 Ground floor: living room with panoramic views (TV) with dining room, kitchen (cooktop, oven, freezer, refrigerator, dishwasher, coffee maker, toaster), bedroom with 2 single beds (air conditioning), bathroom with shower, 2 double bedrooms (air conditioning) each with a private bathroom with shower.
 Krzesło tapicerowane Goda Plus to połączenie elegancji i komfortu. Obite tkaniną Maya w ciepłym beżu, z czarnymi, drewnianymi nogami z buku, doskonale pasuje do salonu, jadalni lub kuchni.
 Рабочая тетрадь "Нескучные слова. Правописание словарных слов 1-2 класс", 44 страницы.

--

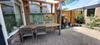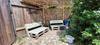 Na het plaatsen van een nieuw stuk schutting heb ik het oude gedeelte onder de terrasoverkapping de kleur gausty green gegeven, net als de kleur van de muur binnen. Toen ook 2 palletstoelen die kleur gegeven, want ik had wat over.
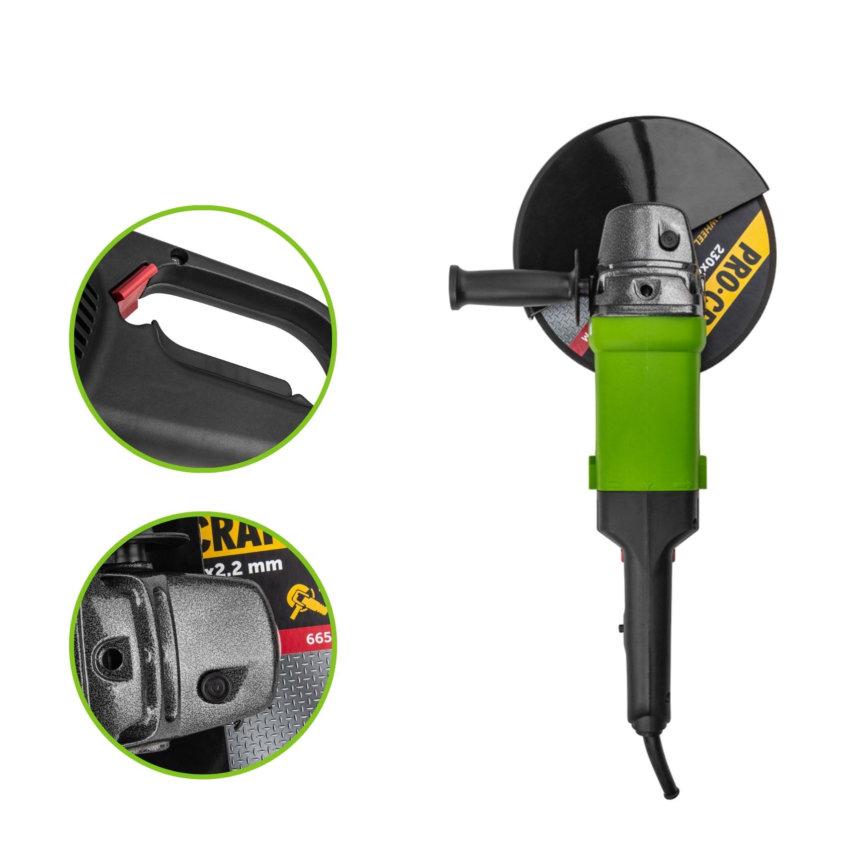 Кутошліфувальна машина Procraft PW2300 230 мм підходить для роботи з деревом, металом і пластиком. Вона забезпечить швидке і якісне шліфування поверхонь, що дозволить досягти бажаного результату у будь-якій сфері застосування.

==

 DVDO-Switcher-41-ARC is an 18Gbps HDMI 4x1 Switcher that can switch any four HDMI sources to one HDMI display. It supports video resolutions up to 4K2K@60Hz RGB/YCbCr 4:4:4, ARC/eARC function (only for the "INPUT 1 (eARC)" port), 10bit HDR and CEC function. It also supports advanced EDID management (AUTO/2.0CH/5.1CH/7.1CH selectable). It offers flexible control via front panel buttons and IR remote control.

- [What you need to do]: Print exactly the lines above, between the one holding "Krzesło tapicerowane Goda" and the one holding "слова. Правописание словарных", inclusive, and nothing besides.

- [Answer for this exercise]:
 Krzesło tapicerowane Goda Plus to połączenie elegancji i komfortu. Obite tkaniną Maya w ciepłym beżu, z czarnymi, drewnianymi nogami z buku, doskonale pasuje do salonu, jadalni lub kuchni.
 Рабочая тетрадь "Нескучные слова. Правописание словарных слов 1-2 класс", 44 страницы.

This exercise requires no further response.